Metal fume fever: specific clues to making the diagnosis.
Authors
Blanc PD; Boushey HA
Source
J Respir Dis 1992 Jan; 13(1):14
Link
NIOSHTIC No.
00233396
Abstract
The pathophysiology, diagnosis and treatment of metal fume fever were addressed in this clinical discussion. Metal fume fever was defined as a self limited syndrome characterized by a flu like illness most commonly occurring 4 to 8 hours after inhalation of zinc-oxide (1314132) (ZO) fume or dust.

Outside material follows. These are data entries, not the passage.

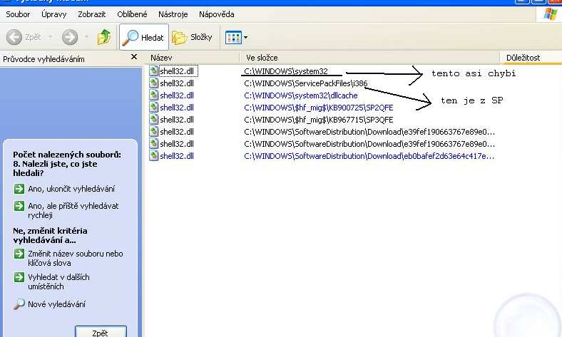 Já bych tě poradil si z jiného PC vzít shell32.dll a dát ho so svýho. Je umístěn C:\WINDOWS\system32 ale možná by vše řešila instalace SP3.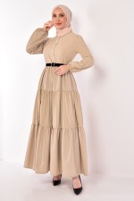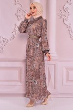 Kemerli Şifon Piliseli Elbise Vizon NEV14928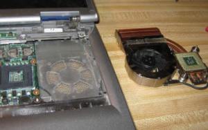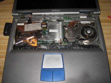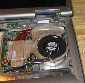 A couple weeks ago the fan gave a sad little squeel and quit. Without the fan the laptop could only run for a couple minutes at a time without overheating. Once again to eBay, where I found a new fan and heatsink combo. While waiting for it to arrive I pulled the laptop apart.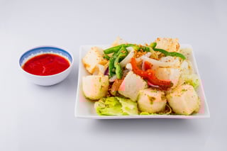 Calamari or shrimp (w/shell on), light battered & deep-fried, tossed with garlic, pepper & salt, red bell pepper & scallions | Tôm hoặc Mực Rang Muối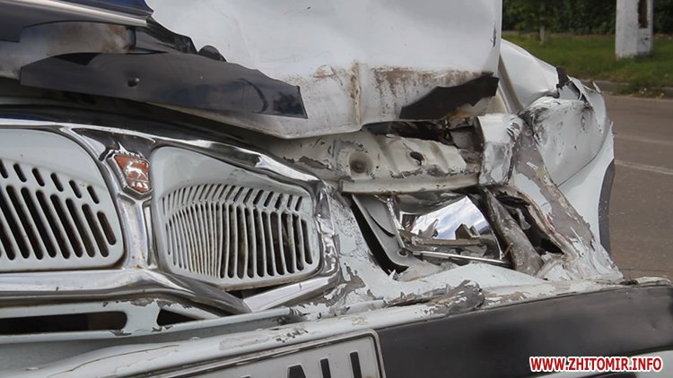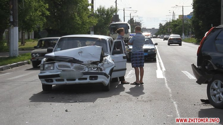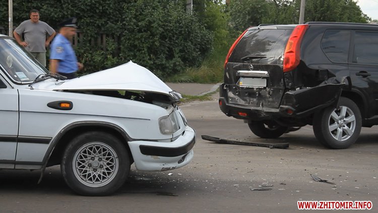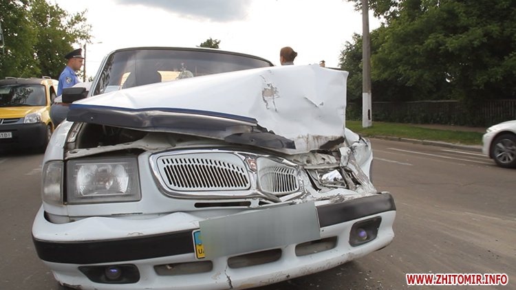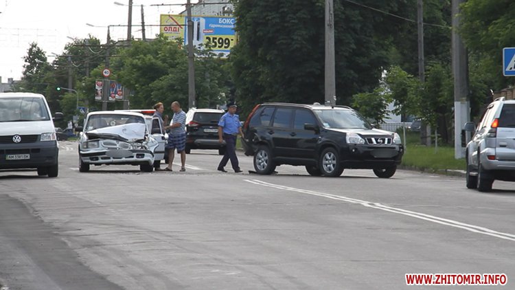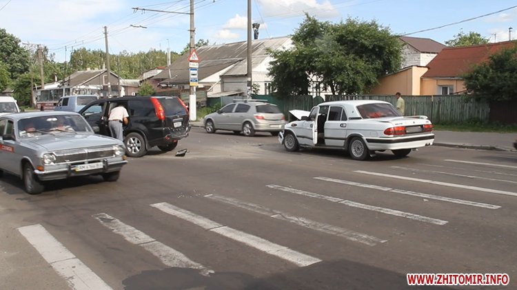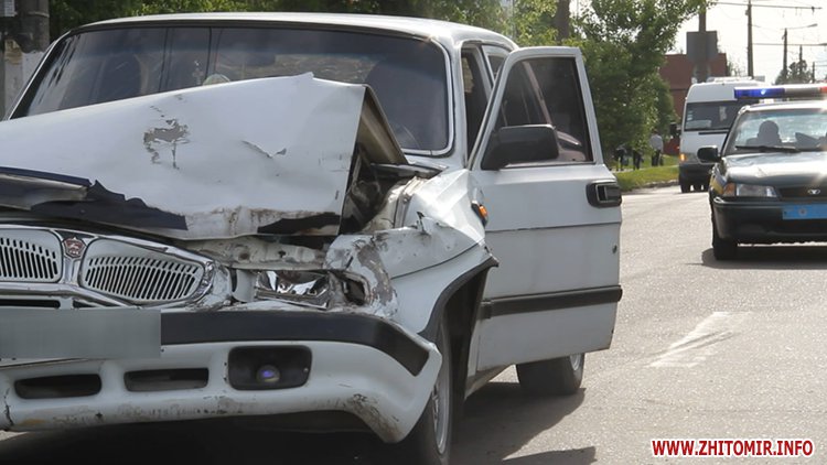 13 июня в Житомире возле Монумента Славы столкнулись два автомобиля – Волга и Nissan. Авария произошла около 17.00 на улице Черняховского.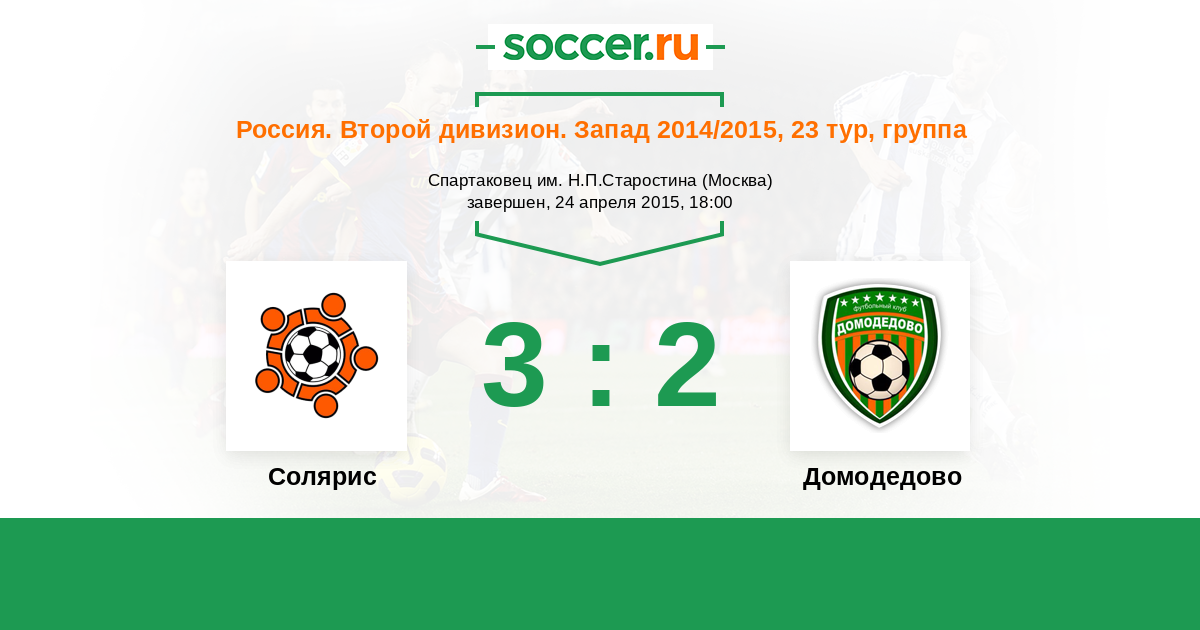 Россия. Вторая лига. Группа 2 01.09.2015 Домодедово Логотип футбольный клуб Домодедово (Москва) 0:1 Логотип Солярис (Москва) Солярис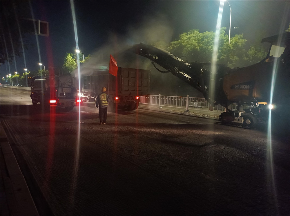 6月17日,開工一個月,項目部累計完成銑刨103154.0 m,完成總量的39.4%;完成攤鋪42686m,分別完成總量的28.2%。完成混凝土路面挖除8247米,完成總量的82.1%。

The population at risk according to an estimate made in 1975 included approximately 50,000 workers in the United States involved in foundry operations, welding of galvanized materials, brazing or flame cutting of brass or galvanized metal, and galvanizing. The only route of exposure causing metal fume fever is inhalation; ingestion, skin contact or parenteral administration do not cause the signs or symptoms of metal fume fever in humans. The pathophysiology of metal fume fever has not been elucidated, however evidence suggests that there is an underlying inflammatory response. The inhalation of ZO fumes has been shown to cause peripheral leukocytosis and a pulmonary inflammatory response documented by bronchoalveolar lavage; however, conflicting data exist on the effects of ZO exposure on pulmonary function. It was recommended that the diagnosis of metal fume fever be considered in any patient with a flu like illness 4 to 24 hours after even a brief exposure to ZO. The authors note that leukocytosis is the only consistent abnormal laboratory finding that distinguishes metal fume fever from other illnesses. The treatment of metal fume fever has been supportive and nonspecific. The authors conclude that metal fume fever can be avoided with appropriate ventilation and other workplace controls.